Posted on • Originally published at blog.benmyers.dev

The Accessibility Tree

You can also read this post on my blog.

Disabled users can and do use your page with a variety of assistive technologies. They use screenreaders, magnifiers, eye tracking, voice commands, and more. All of these assistive technologies share a common need: they all need to be able to access your page's contents.

The flow of page contents from browser to assistive technology isn't often talked about, but it's a vital aspect of enabling many disabled users' access to the internet. It's taken a lot of experimentation and innovation to get to where we are now: the accessibility tree. This tree shapes how disabled users understand and interact with your page, and it can mean the difference between access and exclusion. As web developers, it's our job to be aware of how the code we write shapes the tree.

Let's take a journey through browser internals, operating systems, and assistive technologies. Our first stop: a crucial lesson learned from earlier screenreaders about information flow.

The Ghost of Screenreaders Past

The earliest screenreaders were built for text-only DOS operating systems, and they were pretty straightforward. The text was all there in the device's screen buffer, so screenreaders just needed to send the buffer's contents to speech synthesis hardware and call it a day.1

Graphical user interfaces proved trickier for screenreaders, however, since GUIs don't have any intrinsic text representations.
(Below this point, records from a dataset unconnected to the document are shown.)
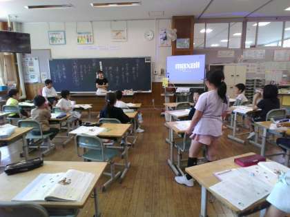 今日の国語では、友達のことを知るために、最近楽しかったことや読んだ本の紹介などをしました。どの子供も、はっきりとみんなに伝わる声で発表することができました。また、質問し、それについて自分の感想も発表しました。
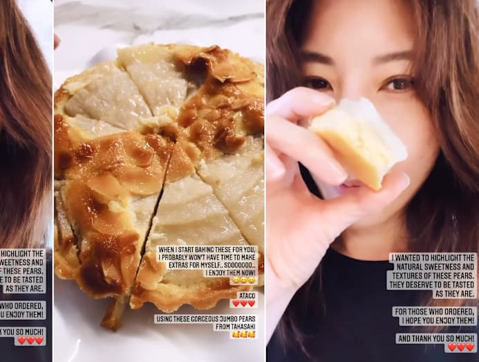 Yummy factor: Just before things get busier, Jeanette decided to treat herself to one of her patisserie's latest creations — a fruit tart featuring jumbo pears flown in from Takasaki, Japan. She’s all for highlighting the natural sweetness and texture of the pears; and judging by her happy grin, it seems like she’s achieved that.
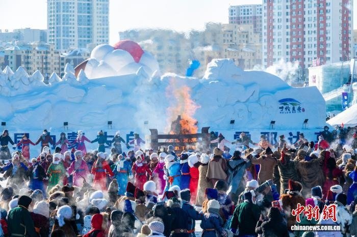 2025年12月21日,内蒙古呼伦贝尔,冰雪那达慕现场举行祭火仪式
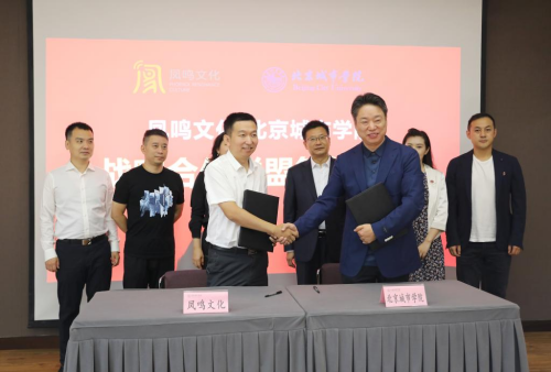 签约仪式上,艺术工美党支部书记、艺术设计学部主任王利民与凤鸣文化执行副总经理宋洋代表校企双方签署了战略合作协议。根据协议安排,双方将在实习就业、设计服务、文化竞赛、音视频产业发展等方面开展合作。随后,副校长练玉春与凤鸣文化董事、总经理陈晖为北京城市学院与凤鸣文化校企合作战略联盟揭牌。
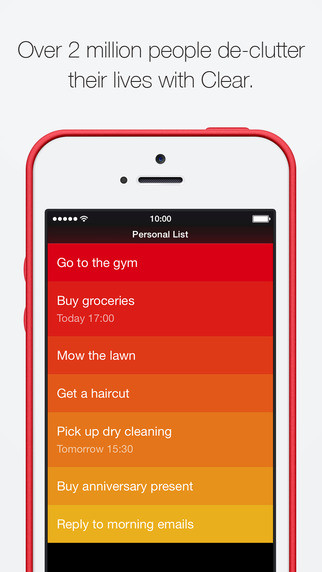 Более 2 миллионов человек с помощью приложения Clear делают свою жизнь проще - так почему бы и вам не упорядочить все в своей жизни, организовав повседневные дела?

Instead, screenreaders like Berkeley Systems' outSPOKEN had to resort to intercepting low-level graphics instructions sent to the device's graphics engine.2 Screenreaders then attempted to interpret these instructions. This rectangle with some text inside is probably a button. That text over there is highlighted, so it's probably selected. These assumptions about what was on the screen were then stored in the screenreader's own database, called an off-screen model.

outSPOKEN menu

Off-screen models posed many problems. Accounting for the alignment and placement of UI elements was tricky, and errors in calculations could snowball into bigger errors. The heuristics that off-screen models relied on could be flimsy — assuming they've even been implemented for the UI elements you want in the first place!3

Guessing at what graphics instructions mean is clearly messy, but could something like an off-screen model work for webpages? Could screenreaders scrape HTML or traverse the DOM, and insert the page contents into the model?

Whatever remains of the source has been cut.